有一种比较显然的 dp 思路,设 \(f_{i,j}\) 表示考虑到第 \(i\) 个人,第 \(i+1\) 个人传递给第 \(i\) 个人 \(j\) 个硬币时的最小代价,显然转移有:
\[f_{i,j}=\min_{k=L_i-a_i}^{R_i-a_i}(f_{i-1,j-k})+|j| \]由于转移构成环,因此考虑枚举第 \(1\) 个人传递给第 \(n\) 个人的金币数 \(x\) ,此时可以得到一种 \(O((\sum a_i)^3)\) 的暴力 dp 做法。
考虑进行优化,设函数 \(f_i(x)=f_{i,x}\) ,此时证明 \(f_i(x)\) 关于 \(x\) 构成一个下凸函数。
考虑归纳法进行证明,首先对于 \(f_0(x)\) ,这显然成立。
考虑过程中的转移,首先存在一种取 \(\min\) 操作,假设 \(f_{i-1}(x)\) 是下凸函数,并且 \(mid\) 为该函数最低点,不放令 \(L_i-a_i\to L_i,R_i-a_i\to R_i\) ,那么考虑一下几种情况:
-
\(x-R_i\ge mid\) ,显然 \(f_i(x)=f_{i-1}(x-R_i)\) ;
-
\(x-L_i\le mid\) ,显然 \(f_i(x)=f_{i-1}(x-L_i)\) ;
-
\(x-R_i<mid<x-L_i\) ,此时 \(x\) 的转移范围包含 \(mid\) ,显然 \(f_i(x)=f_{i-1}(mid)\) 。
考虑形象化表示转移,将 \(f_{i-1}(x)\) 从 \(mid\) 处一分为二,左半部分向右平移 \(L_i\) ,右半部分向右平移 \(R_i\) ,中间部分使用函数最低点填平,显然操作过后,函数仍然为下凸函数。
由于 \(|x|\) 也是下凸函数,因此函数叠加后仍然是下凸函数。
实际上根据上述分析, \(f_i(x)\) 只需要维护两种操作,就可以进行转移:函数平移,叠加 \(|x|\) 。
考虑 slope trick ,维护一个对顶堆,左堆维护函数最低点向左的信息,右堆维护函数最低点向右的信息,左堆内从大到小第 \(i\) 个权值 \(x\) 表示函数在位置 \(x\) 斜率由 \(1-i\) 变为 \(-i\) ,右堆内从小到大第 \(i\) 个权值 \(x\) 表示函数在位置 \(x\) 斜率由 \(i-1\) 变为 \(i\) ,维护变量 \(min\_val\) 表示函数最低点的值。
考虑修改,对于函数平移,显然直接维护 lazy 标记即可。
对于叠加 \(|x|\) ,大致分以下三种情况考虑:
左堆 \(top\) \(\le 0\le\) 右堆 \(top\) ,发现此时左堆斜率减 \(1\) ,右堆斜率加 \(1\) ,因此直接分别在两个堆中插入位置 \(0\) 即可。

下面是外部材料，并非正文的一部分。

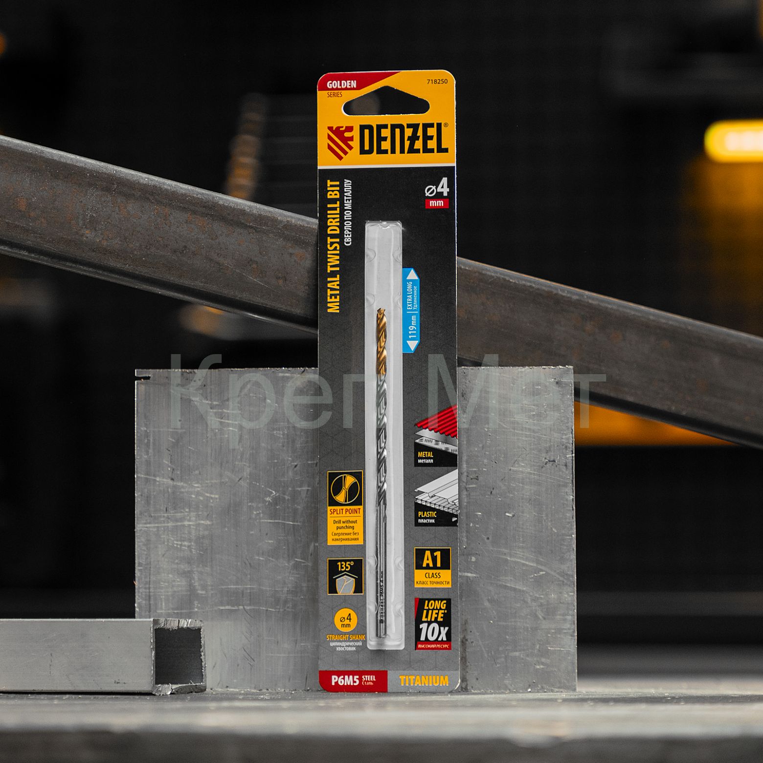 Сверло спиральное по металлу 4 х 119 мм, Р6М5, Golden Tip, удлиненное Denzel

左堆 \(top\) \(>0\) ,此时左堆斜率由 \(0\) 变为 \(-1\) 的转折点变为斜率由 \(1\) 变为 \(0\) 的转折点,因此取出左堆内最大元素插入到右堆中并将其在左堆中删除,考虑位置 \(0\) 前后斜率相差 \(2\) ,因此在左堆内插入两个 \(0\) 即可。
右堆 \(top\) \(<0\) ,显然与左堆 \(top\) \(>0\) 同理。
于是我们可以在 \(O(n\log n)\) 的时间复杂度内完成转移。
继续考虑优化,设 \(g(x)\) 为第 \(1\) 个节点传递给第 \(n\) 个节点 \(x\) 个金币时的最小代价,通过打表发现 \(g(x)\) 是一个单谷函数,因此可以三分求解。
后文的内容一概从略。